CMS - Multicore processing

Given that our processing problem is inherently embarassing parallel (on events) the transition from (multiple) single-core CPU's to (multiple) multi-core CPU's was more natural for us than for many other applications originally designed for single-core machines (e.g. video games and processing applications, other desktop applications). We simply run N copies on N cores as we ran N copies on N CPU's with minor tweaks to our WM systems, queue configurations, etc. At least for small numbers of cores this has permitted us to exploit all available cores at the > 90% level.

The purpose of this presentation is to summarize some (probably not all) of the possibilities we are considering for exploitation of multicore CPU's in some way which is different from how we do that today.

Since we use multicore CPU's today, what are the reasons why we might change something? We believe there are two:

Physical memory (PM) - Our model for exploiting N core CPU's requires N times the physical memory needed to run a single application. Our applications have large memory footprints, however, reaching 1-2 GB, depending on the particular (combined) workflow we are running.
- If we run coherently run different instances of the same application/release, we benefit from the fact that the OS will only load a single copy of each library. (This is often a 200MB+ contribution to the observed VSIZE.)
- We have made some progress in reducing the footprint recently: I/O-related optimizations, reduced calibration sizes, etc.

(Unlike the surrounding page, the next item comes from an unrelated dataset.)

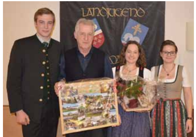
Dank an die Musikkapelle Adlwang

Further improvements are probably possible (and should happen in any case), but we are still at the limit of the memory budget per core that we had originally planned.
- It is also probable that some increases in memory will be needed for various reasons in the future (we don't even have real colliding beam data yet).
- For some applications (e.g. Heavy-Ion, many-output skims, full combined simulation workflows, etc.) we are pushing (well) beyond the limit today.
- At this point, this is primarily a cost tradeoff depending on future increases in memory needs, whether memory prices will fall faster than the number of cores increases (to match planned Moore's Law increases in computing power). We buy memory instead of additional cores, storage, etc. When we can do that, should we push beyond the limit in some sites with new memory needs, is however limited by purchasing cycles and delivery times and this can be disruptive to operational plans.
- This problem is reasonably well understood today (and can be trivially updated for new releases and applications) with simple tools (batch system memory use reports, top, ps, pmap, massif) which are used routinely by a number of people. The relationship between what we measure see and the code is well understood in most cases.
- If some significant amount of pressure could be removed for the PM problem, using the native 64-bit build more widely might be possible, with some gains in cpu-time/event. The last simple benchmarks I did (for reco, IIRC) showed 20-25% improvement, although it needs to be redone with more recent releases.
CPU memory caches (CC) - By running the full application per core, we have structured things such that the maximum amount of instructions/data needs to go down through the memory hierarchy for every single core. Shared (e.g. L2) caches between cores mean that the naive model that N cores on a single die behave as N single-core CPU's can break down.
- This problem is much less well-characterized than the PM problem above as the tools are more complex, they usually require special kernel patches, their interpretation is cpu-dependent, etc.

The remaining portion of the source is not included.